Have you seen the movie “I Love You Man”? It’s a story about the difficulty of finding friends as an adult. I can certainly relate.
While I have a lot of friends all over the country and abroad whom — when I am with them — I can share my soul with — mostly because of the enriched environment in which we met or meet up to serve together. But close friends whom I can see at a phone-call’s notice, with whom I can talk, giggle and do my most dreaded chore of shopping, I lack. I used to have them. What happened to them? I miss them.
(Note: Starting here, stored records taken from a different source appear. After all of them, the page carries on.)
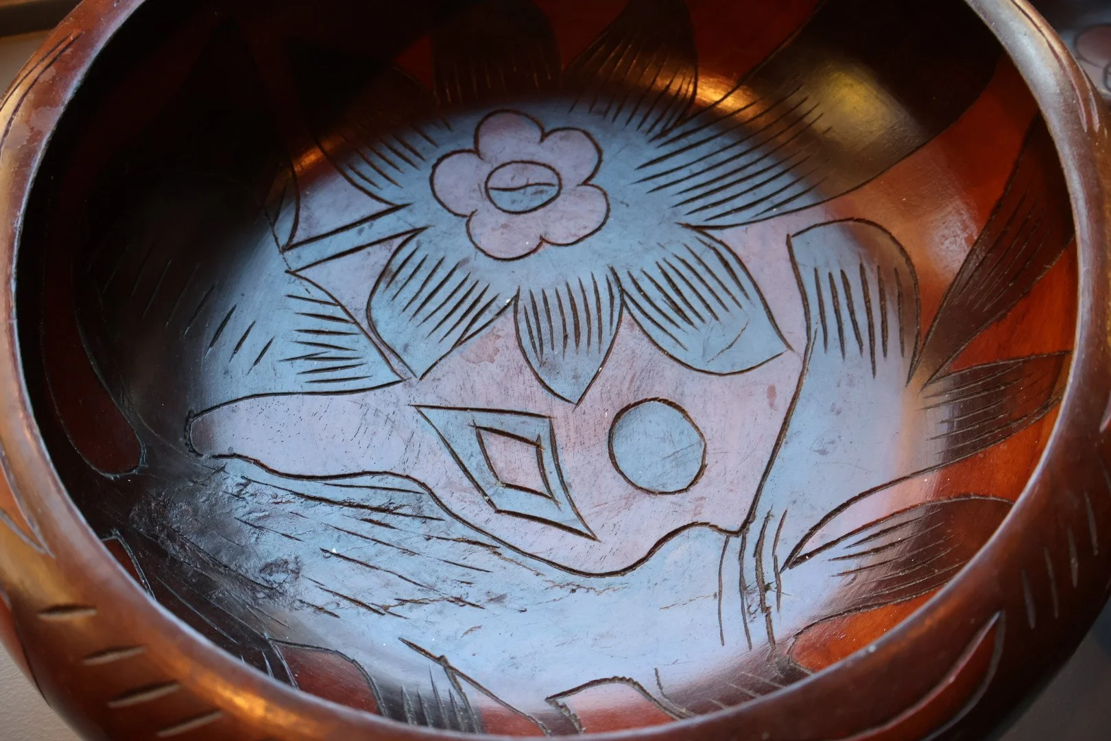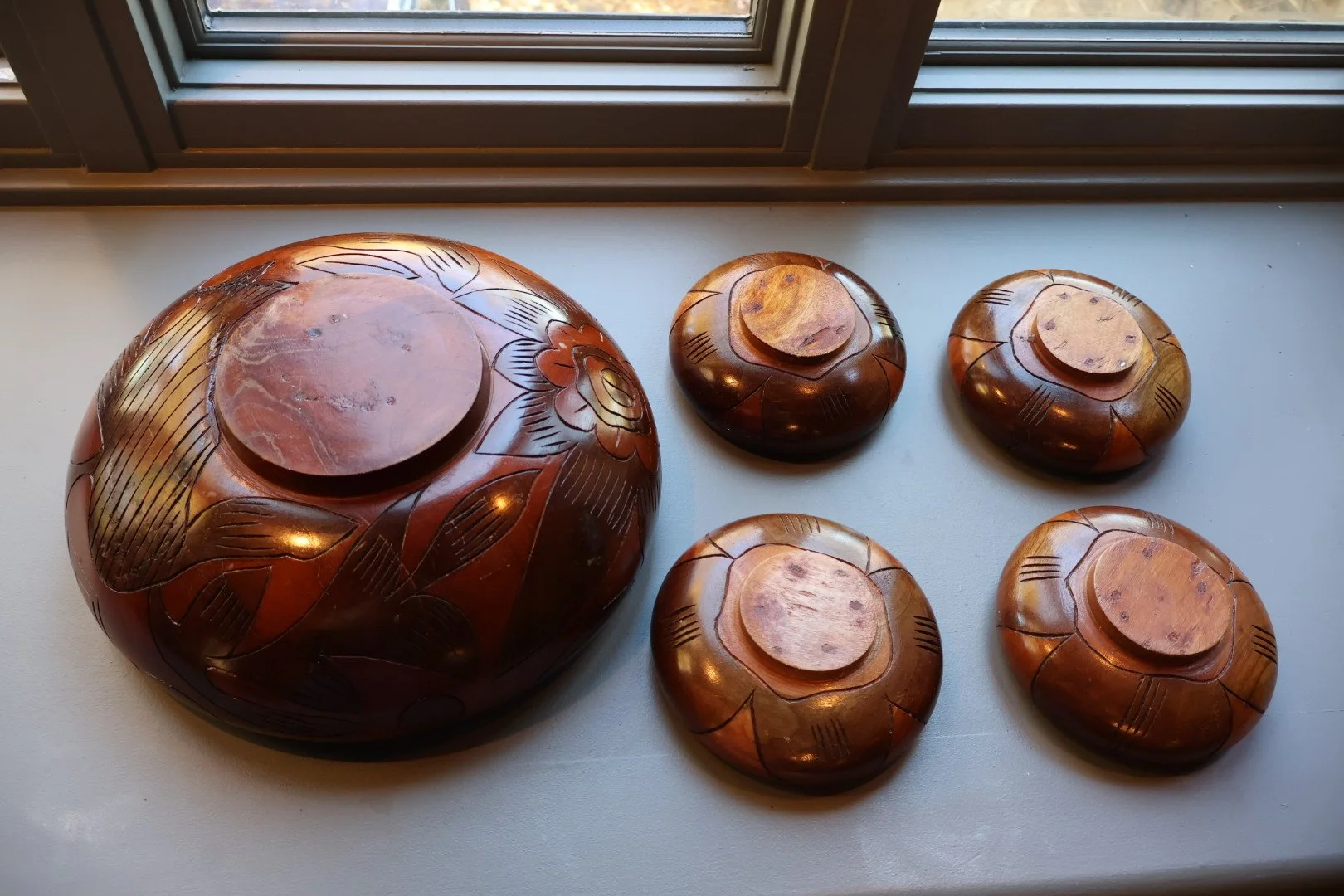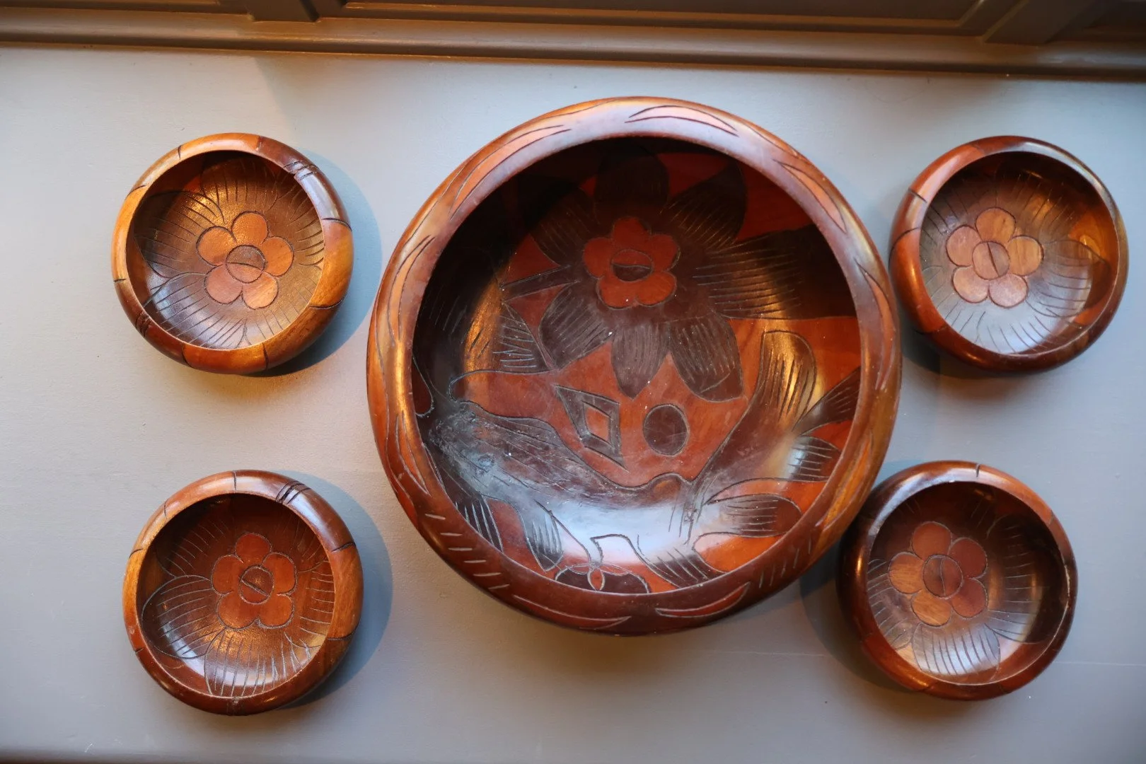 Hand-Carved Wooden Salad Bowl with Matching Serving Dishes featuring a floral design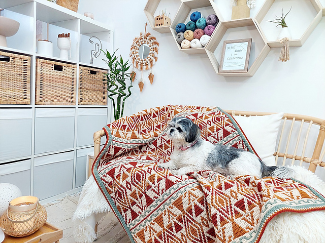 You can use any yarn, colors & appropriate hook size that suits your project and create as large/small project as you wish by adjusting the number of repeats in width and/or in height.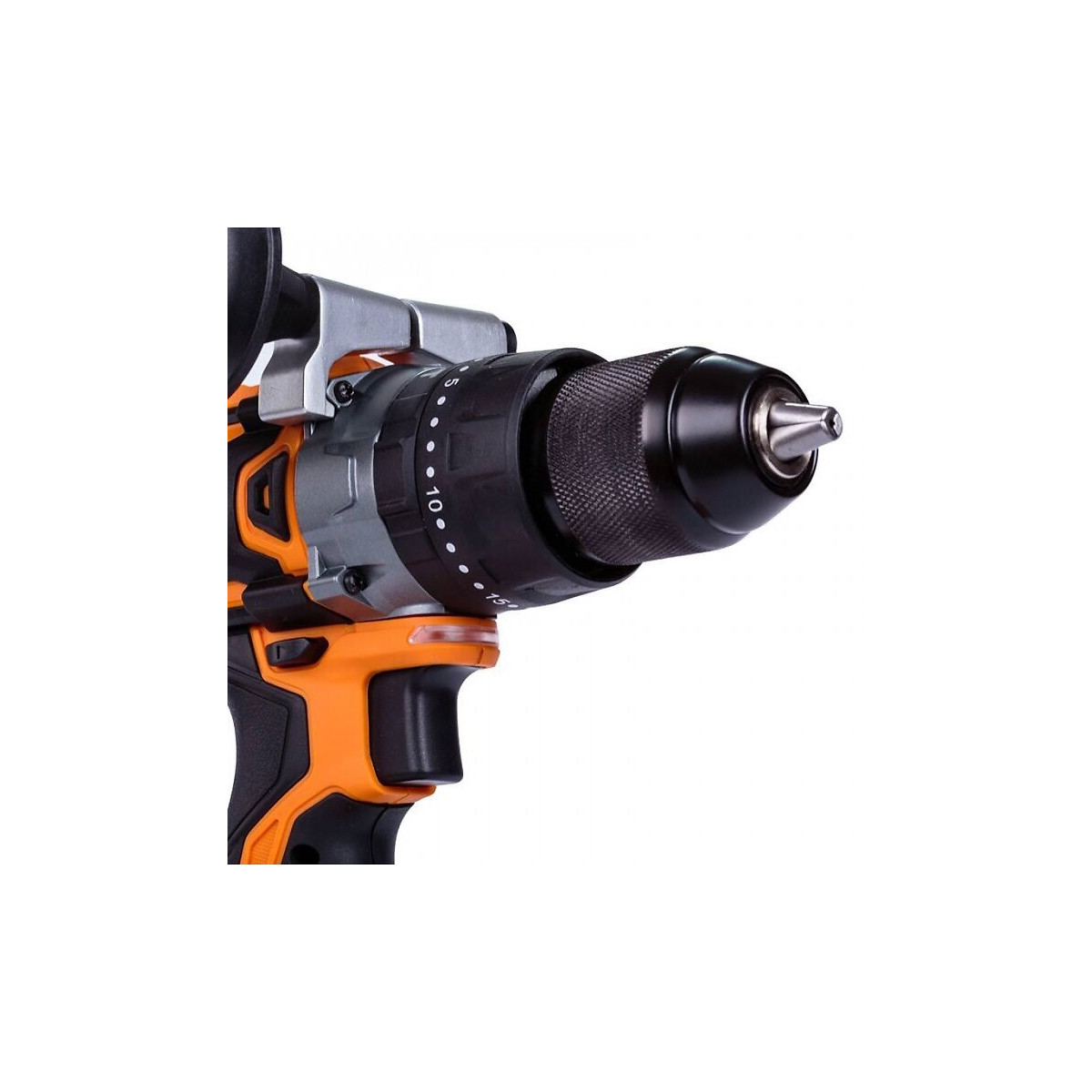 Perceuse à percussion électrique sans fil FUSE VIllager VLP5120 moteur brushless sans balai. Chargeur et batterie non inclus. 2 vitesses avec inverseur 0 à 500 et 0 à 1800 tours minute. Percussion pour matériau dur 0 à 28000 impacts minute. Force de serrage avec couple de 60Nm maxi. Poignée latérale amovible pour une meilleure prise et force. Réglage du couple 20 positions pour un travail précis. Capacité de perçage et de vissage avec mèche jusqu'à 13mm. Lumière à led pour voir sa zone de travail. Garantie 2 ans. Existe aussi en pack 'prêt à l'usage' chargeur et batterie compris. Outil à batterie à compléter avec l’un des nombreux équipements électriques sans fils de la gamme Fuse Villager. Informations SAV: Service Après Vente assuré par une Equipe interne à la société Tondeuse-et-compagnie dûment formée et agréée par le fabricant à l'intervention sur les produits de la marque. Montage: Notice de montage et d'assemblage disponible en langue française réalisée par notre équipe technique Accessoires: Batterie et chargeur en option Type de moteur: Electrique Moteur: Sans balai - Batterie Lithium ion Tension: 18 V Régime moteur: 0 à 1800 tours/min Fonction: Perceuse - Visseuse - Dévisseuse Couple: 60 Nm Diamètre de mandrin: 0,8 à 13 mm Guidon: Poignée latérale Couleur: Orange Durée de garantie: 2 ans Poids à vide (Kg): 1,42 Kg Dimension emballage: 55,5 x 22,3 x 25,2 cm
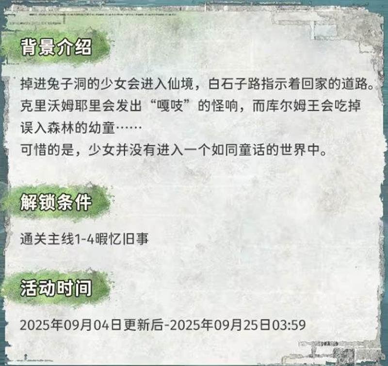 在此次活动中,玩家将跟随掉进兔子洞的少女,进入一个名为仙境的地方。白石子路指引着回家的方向,但克里沃姆耶里会发出“嘎吱”的怪响,而库尔姆王会吃掉误入森林的幼童。然而,少女并没有进入一个如同童话般的世界中,而是面临着未知的挑战。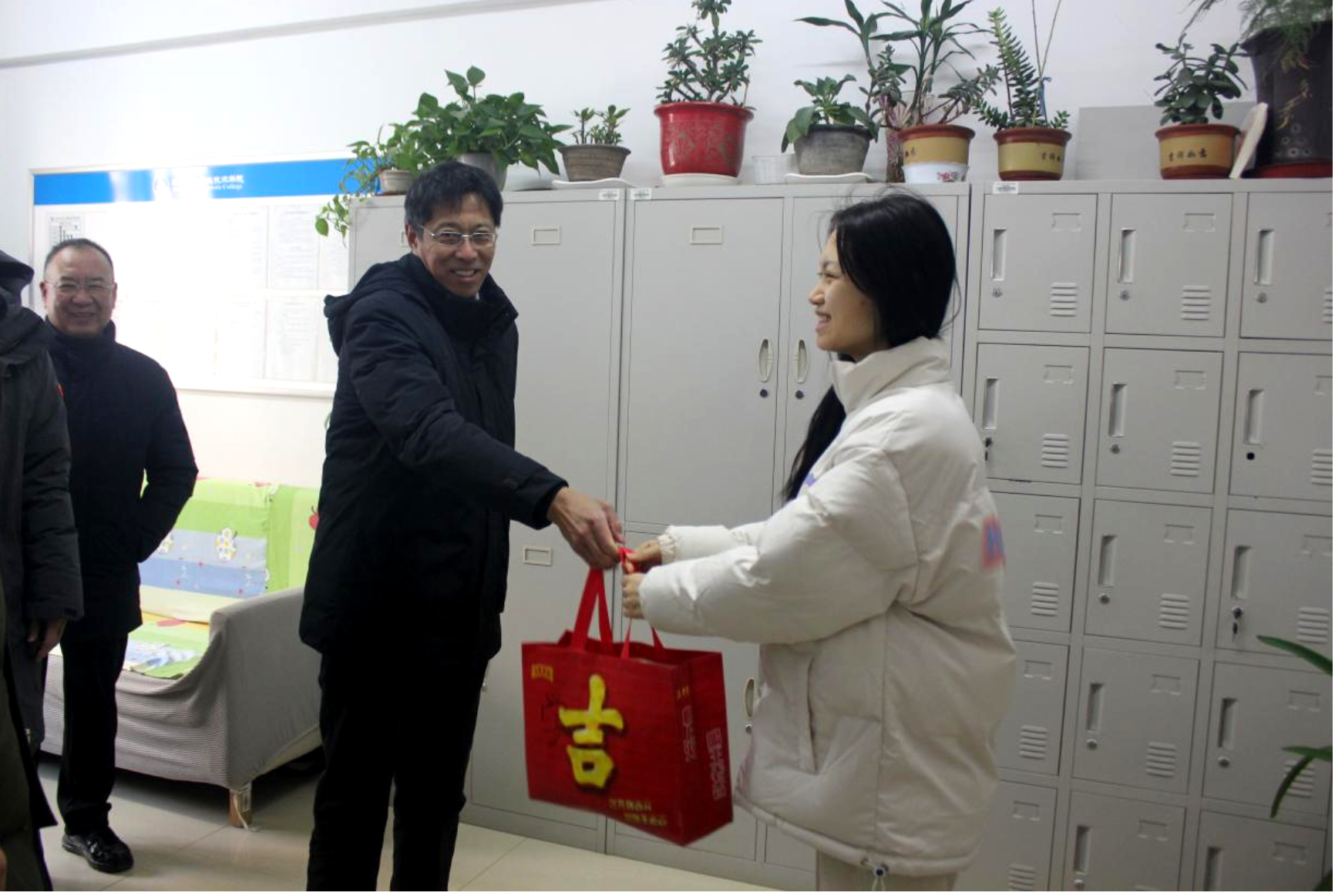 黨委書記高喜軍代表學校黨委向春節期間堅守崗位的值班人員致以親切問候,對大家過去一年來為維護校園安全穩定和服務師生工作生活所付出的辛勤勞動表達誠摯敬意和衷心感謝,向大家發放了春節慰問品并送上新春美好祝福。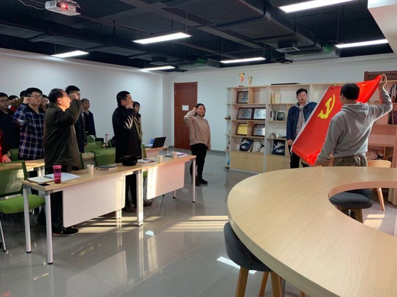 会上,按党员发展程序:一是拟发展对象宣读《入党志愿书》;二是入党介绍人介绍发展对象的培养考察情况,并表示是否同意接收拟发展对象为预备党员的意见;三是支部副书记郑华老师代表支委会向支部大会汇报拟发展对象的政审情况;四是与会人员发表意见,并无记名投票表决,五是宣读会议决议并将决议上报上级党委审批。最后,全体党员在支部纪律委员王佳敏同学的带领下面对党旗宣誓。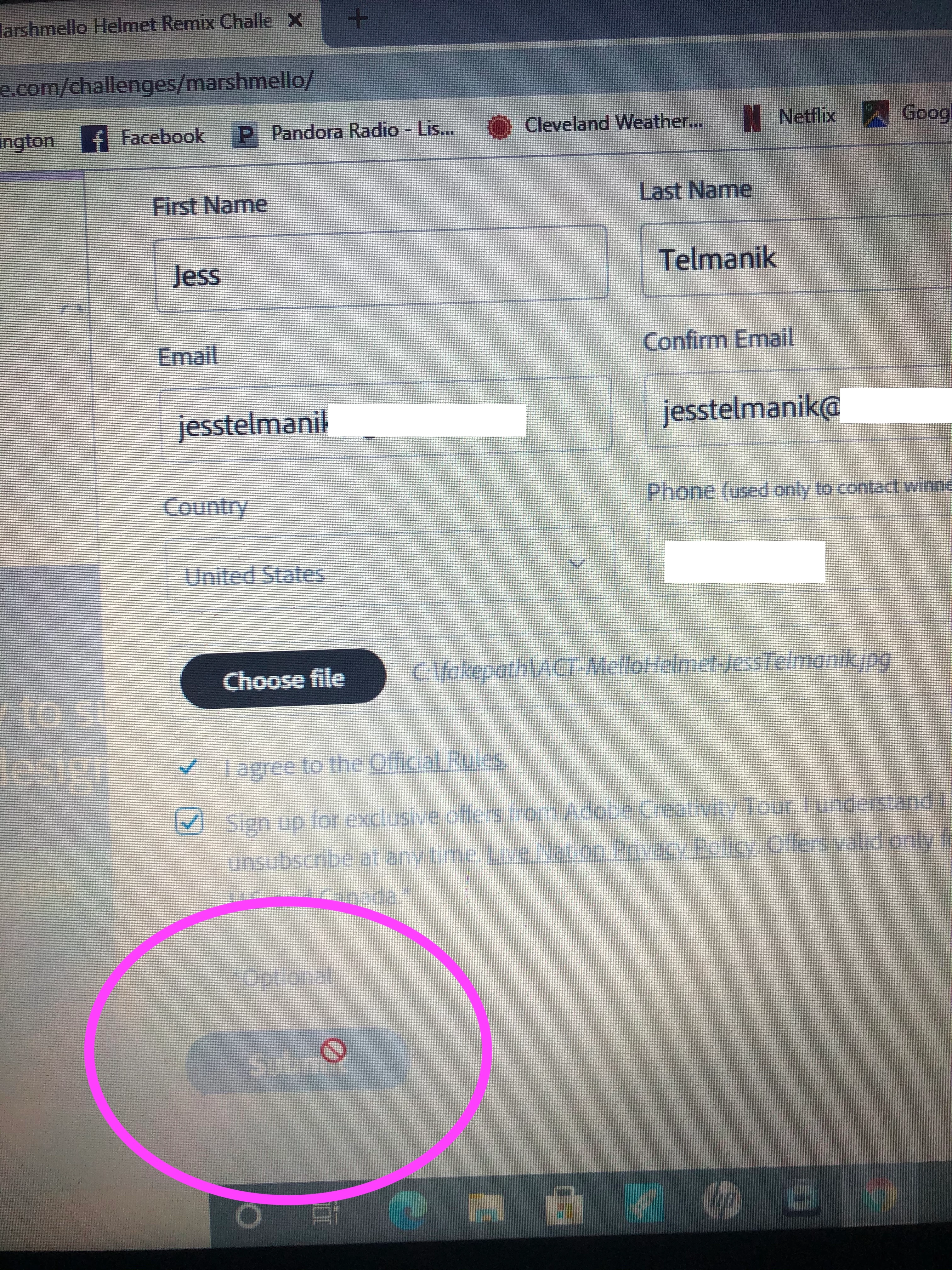 Submission issue with Adobe Creativity Tour Challenge - Please Help!

Friendships come and go. People come into your life for a reason, a season or a lifetime. I get that. But as you get older they are more difficult to come by. (I wonder if it will reverse again in old age.) New friends are difficult to find. Old ones seem to disappear. Is it growing older, getting married and/or having children? Not to mention moving away from each other? Is it just a matter of lives growing in different directions?
For me, it is possible that people get turned off how, as one old friend recently put it to me, I “would always march to the beat of your own drum.” I certainly never expected others to follow me as I’m not a follower myself. I accept my friends for who they are. But I have been known to state my opinion, (usually having come from a search of knowledge) sometimes rather bluntly.
I always wanted a close group of friends, kind of like on “Sex and the City.” Friends that stuck by you through thick and thin, who were honest — sometimes brutally so — and who helped you grow into a better person. I believe that is a true friend.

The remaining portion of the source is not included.